TASK OBJECTIVE: Return the material exactly, first line through the line containing "2点 【サイズ(約)】49cm 10cm", and nothing more. Pictures stay out.
━━ INPUT DATA ━━
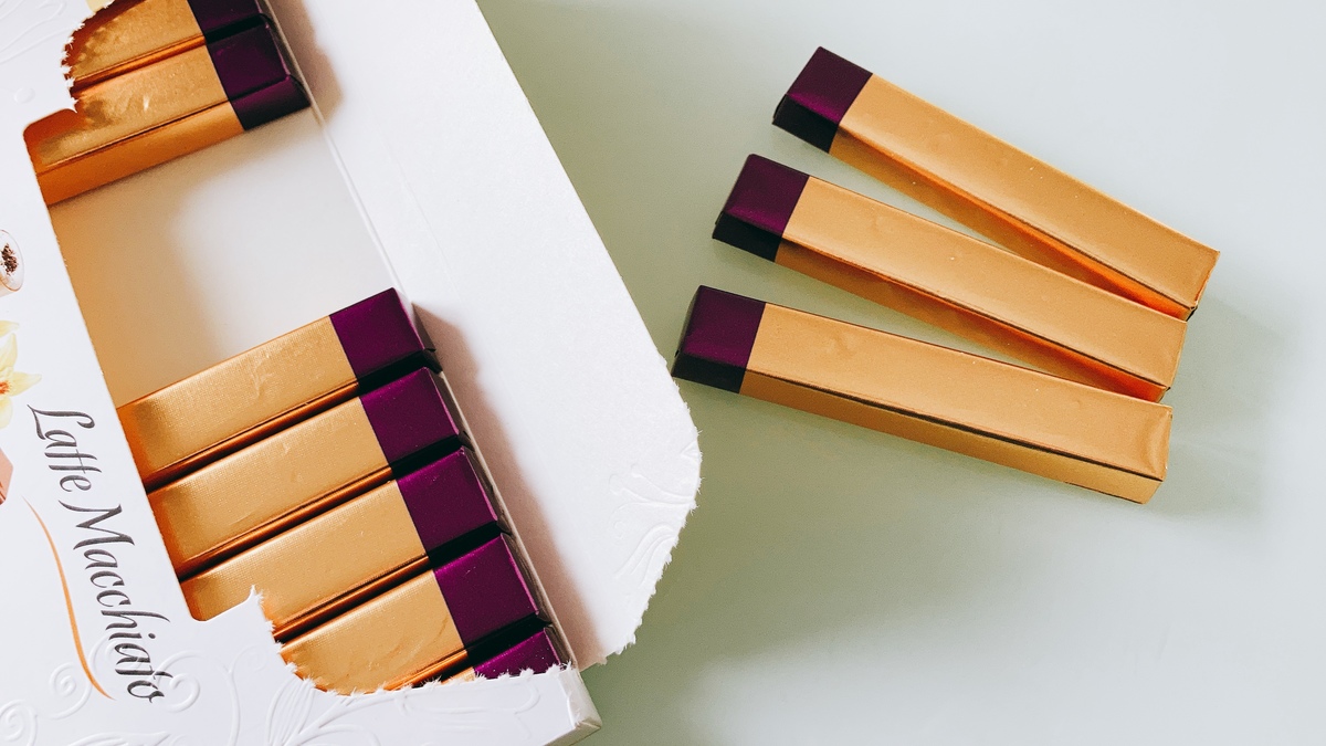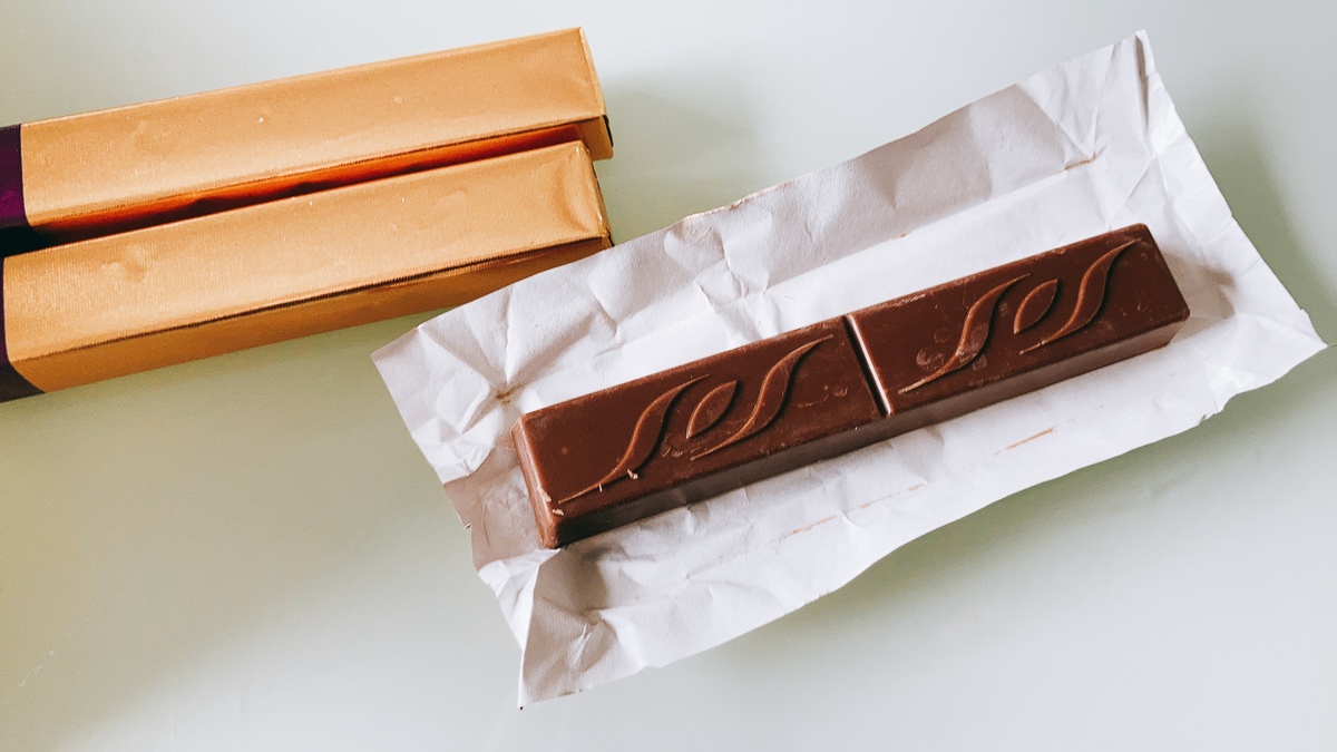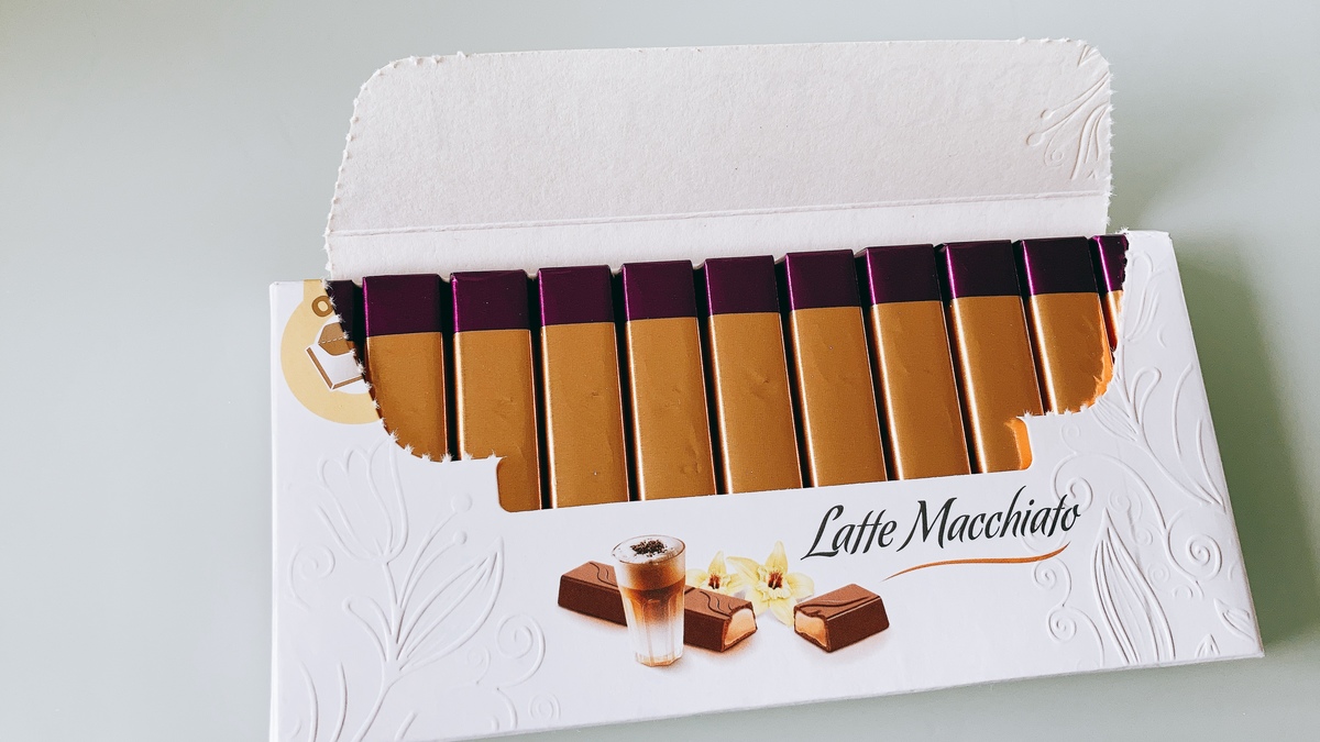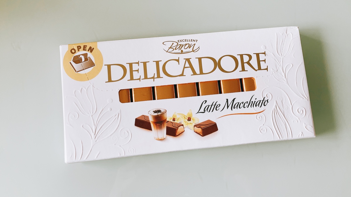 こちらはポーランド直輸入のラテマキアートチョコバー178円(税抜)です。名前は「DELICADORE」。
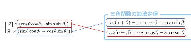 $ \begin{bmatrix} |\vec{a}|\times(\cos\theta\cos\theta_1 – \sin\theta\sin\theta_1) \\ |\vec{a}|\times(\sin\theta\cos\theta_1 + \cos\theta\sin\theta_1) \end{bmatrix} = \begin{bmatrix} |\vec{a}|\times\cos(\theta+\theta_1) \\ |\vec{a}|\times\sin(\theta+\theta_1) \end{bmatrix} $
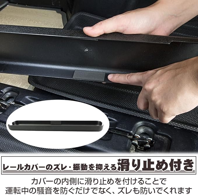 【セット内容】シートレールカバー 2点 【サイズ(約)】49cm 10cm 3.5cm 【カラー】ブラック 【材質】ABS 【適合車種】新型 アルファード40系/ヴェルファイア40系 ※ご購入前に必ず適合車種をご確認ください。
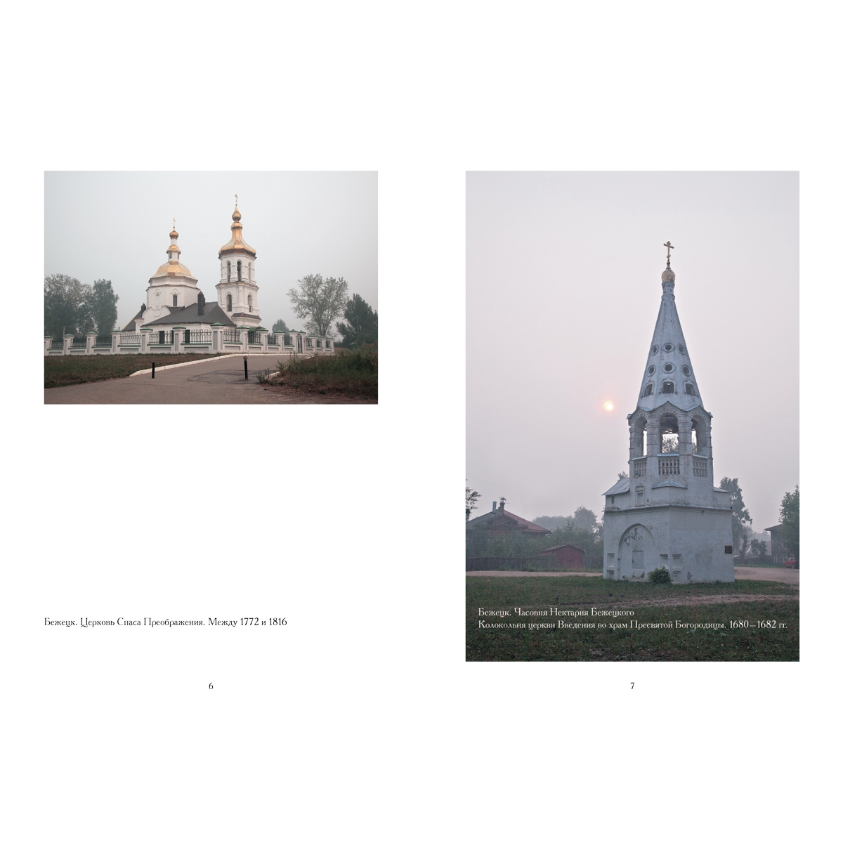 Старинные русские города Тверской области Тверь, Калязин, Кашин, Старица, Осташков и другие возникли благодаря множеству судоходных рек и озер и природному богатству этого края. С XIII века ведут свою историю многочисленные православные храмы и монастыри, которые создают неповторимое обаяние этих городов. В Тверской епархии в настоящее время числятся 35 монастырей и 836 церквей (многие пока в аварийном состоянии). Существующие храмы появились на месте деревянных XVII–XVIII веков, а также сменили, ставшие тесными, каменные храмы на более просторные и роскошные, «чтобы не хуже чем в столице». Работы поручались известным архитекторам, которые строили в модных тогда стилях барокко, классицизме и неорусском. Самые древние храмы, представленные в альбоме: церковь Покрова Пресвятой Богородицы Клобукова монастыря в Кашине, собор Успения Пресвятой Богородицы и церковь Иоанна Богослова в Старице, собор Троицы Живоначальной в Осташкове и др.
━━━
RESULT OF THIS EXERCISE:
 こちらはポーランド直輸入のラテマキアートチョコバー178円(税抜)です。名前は「DELICADORE」。
 $ \begin{bmatrix} |\vec{a}|\times(\cos\theta\cos\theta_1 – \sin\theta\sin\theta_1) \\ |\vec{a}|\times(\sin\theta\cos\theta_1 + \cos\theta\sin\theta_1) \end{bmatrix} = \begin{bmatrix} |\vec{a}|\times\cos(\theta+\theta_1) \\ |\vec{a}|\times\sin(\theta+\theta_1) \end{bmatrix} $
 【セット内容】シートレールカバー 2点 【サイズ(約)】49cm 10cm 3.5cm 【カラー】ブラック 【材質】ABS 【適合車種】新型 アルファード40系/ヴェルファイア40系 ※ご購入前に必ず適合車種をご確認ください。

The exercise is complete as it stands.